Changing the Workplace Paradigm
Patrick Hale, deputy director and chief technology officer of the Bureau of Infrastructure Services in Michigan's Department of Information Technology, said workplace stress can be the springboard for greater opportunity, even amid consolidation and downsizing.
"When we're put under this kind of stress, we're having to make these kinds of decisions. It's really a great opportunity for innovation," he said. This innovation starts with assessing employees' needs. "How can we be better? How can we innovate? This really is an exciting time, even though it's a huge challenge. A lot of good can come out of being put under pressure."
Caption: Patrick Hale, deputy director and chief technology officer, Bureau of Infrastructure Services, Michigan Department of Information Technology
The key is listening to the people who are out on the front line, said California CIO Teri Takai.

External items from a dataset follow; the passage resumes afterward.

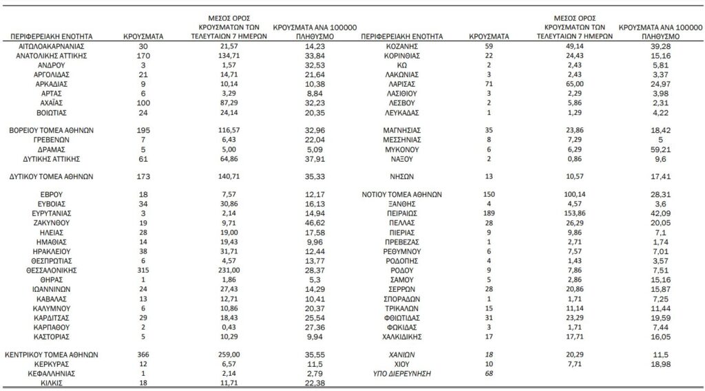 🔴 170 από την Ανατολική Αττική (192 χθες).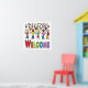 Flyktingar och migranter Välkomsthetskonstruktion är stick figurer från många färg i en vänligt sinnad grupp - att fira mångfald, nyanlända och att se till att flyktingar och migranter välkomnas.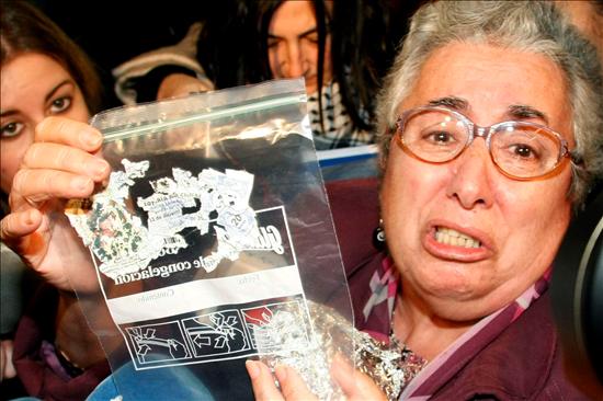 Una mumer muestra lo que queda del décimo premiado que lavó por error.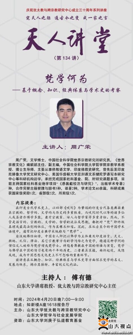 庆祝犹太教与跨宗教研究中心成立三十周年系列讲座:天人讲座第134讲 | 梵学何为——基于概念、知识、经典体系与学术史的考察
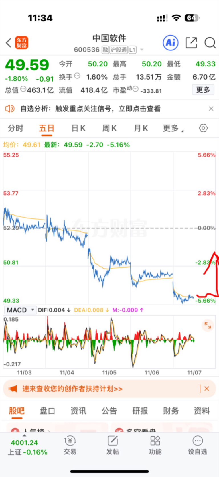 $中国软件(SH600536)$ 极限软软下午再回踩一下,漂亮的圆弧底,起飞前的暴力洗盘,工业互联网算力里面的唯一软件

Sometimes, she said, people don't think about how to save time and money until there's a crisis.
"First of all, we try to recalibrate and look at how much we can do, given the budget strength that we have. For instance, we're doing a planning process so that we can really look at what we have the capability for," she said. Takai and department CIOs are also looking at more collaboration to eliminate repetitive processes. This agenda is similar to what's been laid out in Michigan's 2008 IT strategic plan.
Takai admitted that in California, many employees are being asked to accomplish more with fewer resources. She advised IT leaders look closely at the work to re-evaluate what's being done and excise unnecessary tasks.
And, like other CIOs, she agreed that communication is the best way to assess employee sentiment and identify stress levels.
"It's very important that, No. 1, managers are open and straightforward with their employees, and that employees are getting a lot of communication around what's going on," she said.